(writing/personal) The cycle of grief isn’t linear

There are a lot of books about how grief works, and they all talk about there are different stages and you progress through them. And maybe some people do actually progress through them. I don’t.

 

In two weeks, it will be one year since we found Brian in the bathroom. I’ve gone through all sorts of feelings, and to be honest, right now, I’m approaching the anniversary kind of dispassionately. I suspect it’s numbness, rather than acceptance, and according to many of the “experts,” I should be past this stage. It may be overload. The last two years have been so jarring, so out of what I expected from my life, that I don’t know if the wound is actually healing or if it’s just settled into a quiet phase, husbanding its pain for just the right time to burst forth with another explosion of acid and tears.
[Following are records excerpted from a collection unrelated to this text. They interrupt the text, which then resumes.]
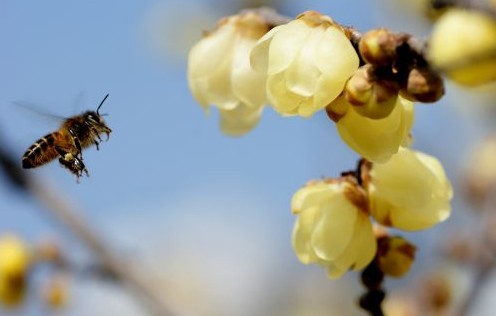 當日,貴州凱里市仰阿莎廣場臘梅花盛開,給人們帶來春天的氣息。新華社發(吳吉斌 攝)
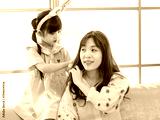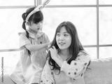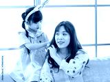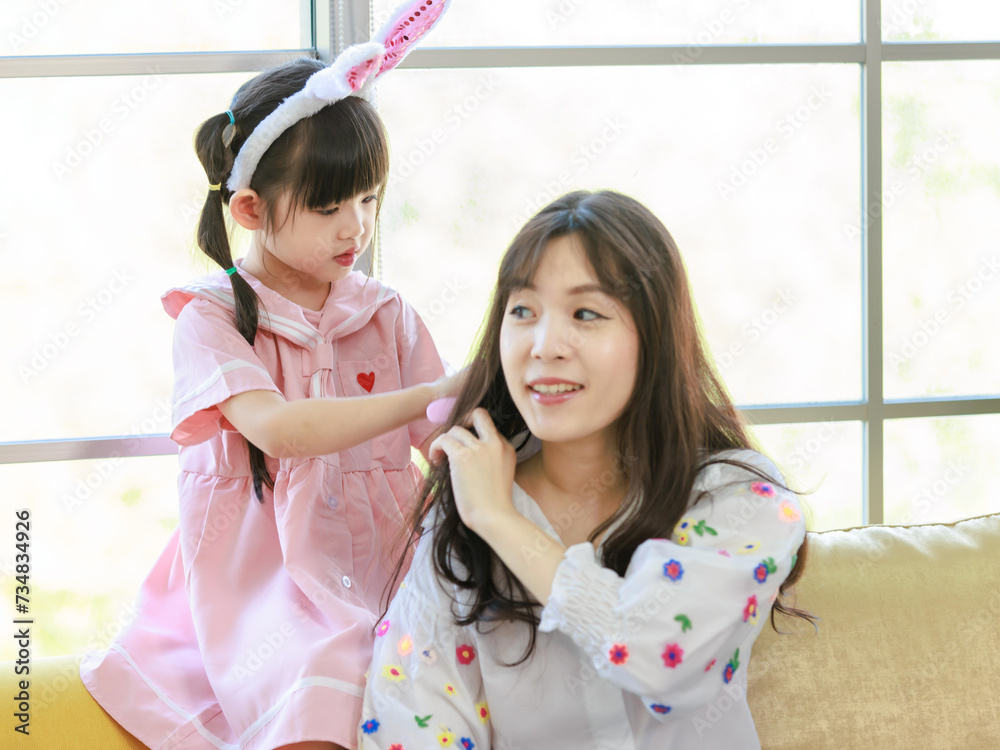 Asian daughter cute little children girl wearing funny bunny ears headbands hair brush mother from back standing on yellow sofa, her mom playing tablet in living room at home, Family celebrate Easter
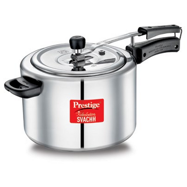 BASE: Prestige Popular comes with an Aluminium base which is thick and machine pressed. The slight concave bottom ensures shape is retained for longer.;BODY: Prestige Popular is an outer lid pressure cooker made from virgin aluminium which is light in weight and long lasting. The outer lid feature is suitable for both separator cooking and direct vessel cooking.
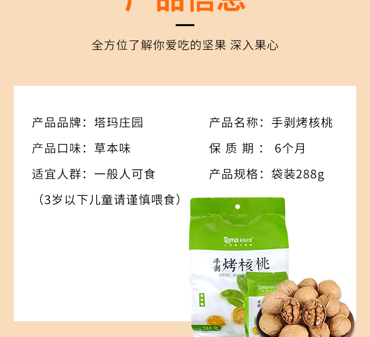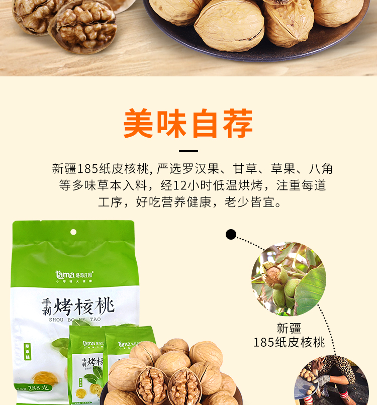 【塔玛庄园】手剥烤核桃草本味纸皮易剥香酥可口老少皆宜健康营养288g
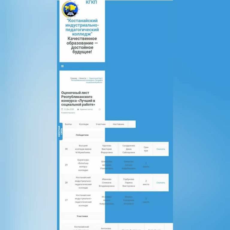 Қостанай индустриалды педагогикалық колледжіндегі “Әлеуметтік жұмыс” ОӘБмен 2020 ж. 25 қараша-3 желтоқсан аралығында “Әлеуметтік жұмыстағы үздік” республикалық сайысы ұйымдастырылып өткізілді.
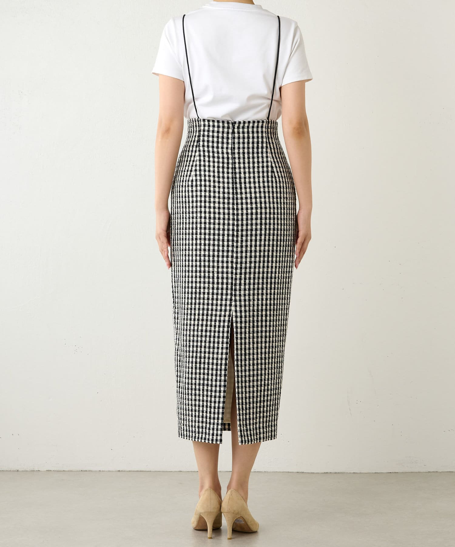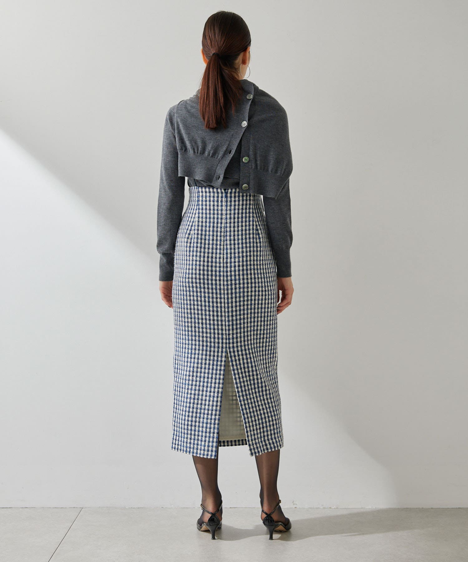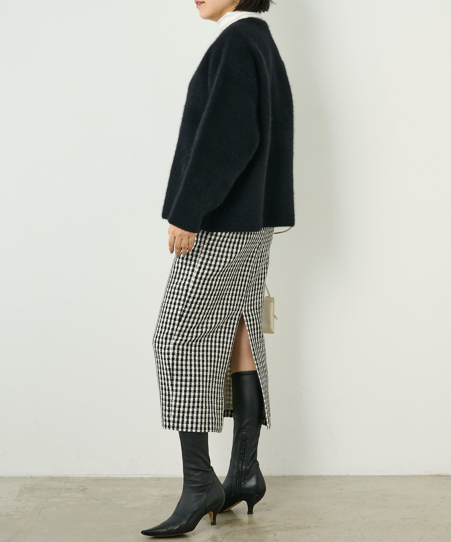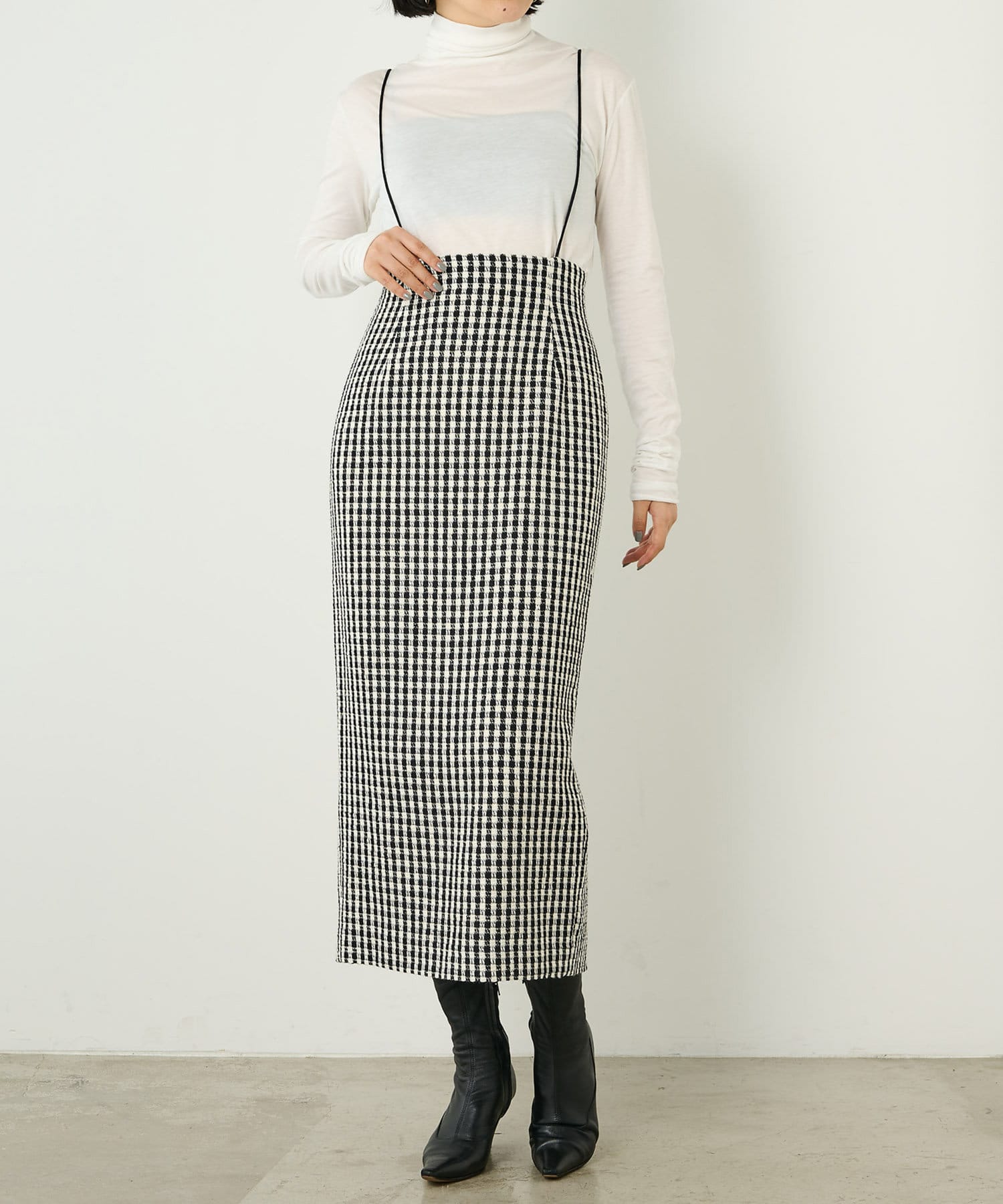 ■ファンシーチェック柄のツイード生地が印象的なタイトスカート。
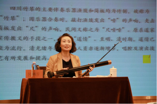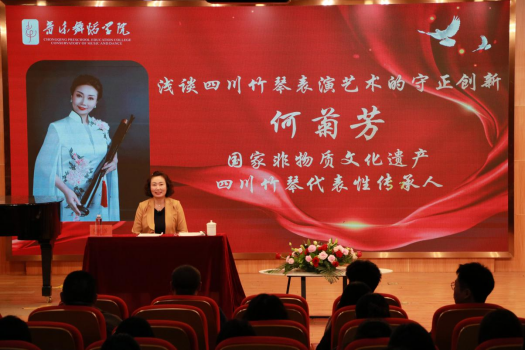 作为我国非物质文化遗产四川竹琴代表性传承人、国家一级演员、四川竹琴表演艺术的领军人物,何菊芳从四川竹琴的历史渊源、艺术特点、演唱技巧以及守正创新做了分享。现场,何菊芳以其扎实的专业功底,精妙的弹唱形式,将传统唱腔与时代元素的结合向在场师生诠释了四川竹琴的历史厚重感与独特韵味。

I suspect the latter, because I can still feel a heaviness within me.

 

I suspect I always will.

 

But I can’t live within the past, yearning after what might have been. I can’t. I watch others I love do that, and it hurts just as much as the loss of Brian and Mom does. Time is a river, and no moment lasts forever, and if you try to make it stop, it resists. And it breaks. And your world breaks, in horrible ways. Photographs are an illusion that you can stop time, freeze it forever, but you really can’t, and all the photographs do is drag you back into memories. And that can be good, but it’s not healthy to live there forever. Time was meant to move, a sinuous, winding path that we walk down until our steps falter, and then….

 

I don’t know. Maybe we drop to another path, and start again. Perhaps we get a time of rest first, or perhaps it just all ends. I really don’t know, and I don’t think anyone else does either. I guess we’ll all find out in the end.

 

So what am I doing? I’m still on Whole30 (day 11 today, despite everything), and I’m sewing – my first cross-stitch project in over a year, if I remember correctly. I’m working on crocheting for Birka largesse as well. I’m writing. I’m starting my proofreading again.

 

I’m trying to live.

 

And that, in the end, is all any of us can do. Grief isn’t a straight-forward process: it’s a path of its own, and it doubles back, veers to side to side, heads off in directions that only seem possible once you start moving. It brings you to places you thought you’d lost, places you wish you had lost, and sometimes, it seems to be standing still, even though you know you have to keep moving. It’s a fog that surrounds you, lifting sometimes just enough to remind you that somewhere, there’s a sun that could warm you, but you have pull your cloak tightly around you, re-light the lantern that the wind blew out, and push forward through the clammy dankness. There’s nothing else to do.